As a rule, Piedra says it makes sense to think of back-to-school season as a flu-shot reminder. The CDC’s standard recommendation is to get vaccinated by the end of October, and flu shots generally become available around the first week of August. While Piedra says most people don’t need to worry about getting vaccinated too early, the CDC issued a warning this year regarding summertime flu-shots: Vaccinating in July or August might reduce people’s ability to fend off the virus for the length of the flu season, particularly if they’re older.
Children between the ages of 6 months and 8 years old getting their first flu shot, however, are supposed to receive two vaccine doses at least four weeks apart, so they should get the first dose as soon as possible to fit in the second one by the end of October, the CDC says. Kids in this age group who’ve received flu vaccines before only need one dose.

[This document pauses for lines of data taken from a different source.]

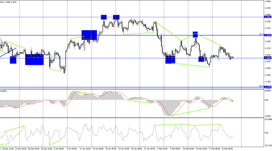 GBP/USD. 24 февраля. Британец не спешит продолжать падениеИнстаФорекс - Instaforex, 2 года назад Добрый день, уважаемые трейдеры! На часовом графике пара GBP/USD выполнила падение к уровню 1,2007. Отбой котировок от этого уровня сработает в пользу европейской валюты и некоторого роста в направлении нисходящей трендовой линии, которая характеризует настроение трейдеров как «медвежье». Закрепление курса пары под уровнем 1,2007 повысит вероятность дальнейшего падения в направлении следующего уровня 1,1883. Вчерашний день для британского фунта был совершенно пустым, а для американца – ограниченно-важным. В США вышел второй отчет по ВВП за четвертый квартал, и надо сказать, что его значение не совпало ни с ожиданиями трейдеров, ни с прошлым значением. Если месяцем ранее он показал рост на 2,9%, то есть значение снизилось до 2,7% кв/кв. Американская валюта в течение вчерашнего дня все равно выполнила рост, но он мог бы быть более сильным, если бы не этот отчет. Впрочем, это еще не финальное значение за четвертый квартал. В третьей оценке показатель может вновь быть оценен выше. Помимо этого, сам по себе рост на 2,7% в условиях, когда еще несколько месяцев назад все предрекали американской экономике рецессию, это очень хорошо. И 0,1–0,2% в любую сторону – не слишком принципиально. Тем не менее, должен отметить, что британец не спешит падать по примеру евровалюты, значит что-то сдерживает трейдеров-медведей. При чем что-то, связанное с Великобританией. Индексы деловой активности на этой неделе, безусловно, порадовали быков, но сегодня уже пятница, пора бы забыть эти данные. Внимательно советую следить за трендовой линией, так как возможно закрытие над ней, которое покажет, что быки вновь переходят в наступление. Сегодня информационный фон выражен лишь не самыми важными отчетами в США. В Британии состоятся выступления Канлиффа и Тенрейро(представители Банка Англии). Их речи могут помочь определить британцу с направлением движения. На 4-часовом графике пара выполнила разворот в пользу американского доллара после образования «медвежьей» дивергенции у индикатора CCI. Теперь пара движется в направлении уровня 1,2008, с преодолением которого проблем не должно возникнуть. Это преодоление позволит ожидать дальнейшее падение в направлении следующего уровня коррекции 161,8% – 1,1709. Новых назревающих дивергенций не наблюдается ни у одного индикатора. Отчет Commitments of Traders (COT):
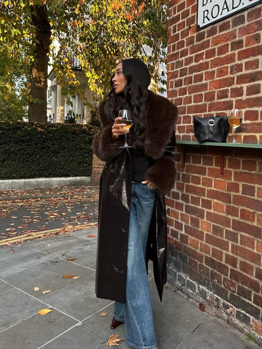 이번 시즌엔 페이턴트 레더 소재에 퍼 트리밍이 가미된 아우터를 추천합니다. 그 자체로 광택 있는 레더에 풍성한 퍼가 만나 한층 럭셔리하고 세련된 분위기를 연출합니다. 존재감이 강한 아우터인 만큼 이너는 블랙 니트 톱이나 데님으로 힘을 빼 전체적인 스타일의 밸런스를 맞춰보세요.
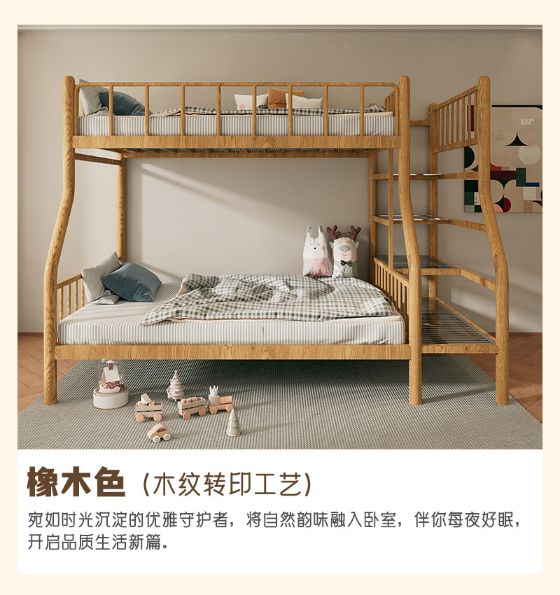 • 오크색 스테인리스 스틸 침대 프레임 + 통기성 침대판

“I think it’s better to get one a little too early than too late,” Morse said. “There isn’t solid evidence about when it’s best to get a flu shot, except that you definitely want to get it at least two weeks before you might be exposed to the flu.”
But if you don’t get vaccinated by late October, don’t write it off for the season. Getting the vaccine in late winter will confer protection through spring, when the flu is still being passed around.
Where should you get vaccinated?
Primary care doctors generally administer flu shots in their offices, and many employers, schools and drug stores offer them as well. If you need help finding a shot spot, the CDC recommends vaccinefinder.org.
Is there any reason to fear the vaccine might run out?
There hasn’t been a serious shortage of the flu vaccine since 2003–2004. Today there are many more vaccine manufacturers, so there’s little chance we’ll run out.
How much does flu vaccination cost?
Vaccination costs range from nothing to $70, depending on the type of vaccine your doctor recommends and your insurance coverage. High-dose shots for the elderly tend to be the most expensive, but Medicare should cover them. Affordable Care Act health plans should cover flu vaccination without a co-pay, but check with your carrier. CVS, for example, offers shots for $40 for the standard dose and $70 for seniors.
The future of the flu shot
A study is underway to find out whether a topical cream that treats genital warts and skin cancer might be able to boost immune responses against the flu. If so, it could help stretch the supply of vaccines for H5N1 (avian flu) and allow more people to get vaccinated during an outbreak. Researchers are also working on the phase 2 clinical trial for an experimental universal flu vaccine.
It will take at least one to two years for either to be publicly available, but for medical professionals and public health officials, anything that will increase flu coverage is a positive step forward.
“There are always barriers to getting enough people vaccinated, and the need for an annual vaccination is one barrier,” Piedra said. “It would be nice if we could produce a longer duration of immunity.”